1726 De staten van het Furstendom Gelre en de Greafschap Zutphen vaardigen twee resoluties uit, waarin wordt verboden dat nieuwe joden "met de woon op het platte Land binnen dese provincie sullen mogen ter neder setten in eenigerley manieren". Een reeks van verboden zullen nog volgen.

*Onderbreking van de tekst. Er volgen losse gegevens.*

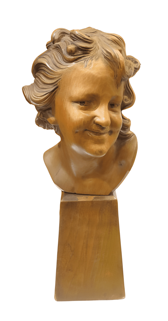 Escultura de un niño en madera, modelo del siglo XIX, atribuido a Jean-Baptiste Carpeaux (1827-1875) y taller, autor relacionado con la Ópera de París.

De staten zijn beducht voor goed georganiseerde roversbenden, met joodse leden, die vooral in Noordrijn-Westfalen en bij de Nederlandse oostgrens rondtrekken en de politie handen vol werk bezorgen.
De gelderse staten kondigen een plakkaat af met uitvoerige beperkingen voor joodse families.
1726 Mei 27. "Tegen het wonen en vernachten van Joden ten platte Lande" "
"Dat gene vreemde of nieuwe joden of Smoussen, die quansgewys met een winkeltje, met Slachten of enige andere Neringe of Handtteringe de kost soecken te winnen, haer voortaen met de Woon op t platren Landt binnen dese Provintie reets hier of daer binnen Steden deser Provintie mochten bevinden, welcke ten opsichte dat sy haer ten platten Lande meter Woon niet sulle mogen ter neer setten, oock als Vreemdelingen geconsidereert sullen werden .
Straffen bij niet naleving van de verordeningen: "Publycke Gesselinge en Bannissement uit dese Provintie".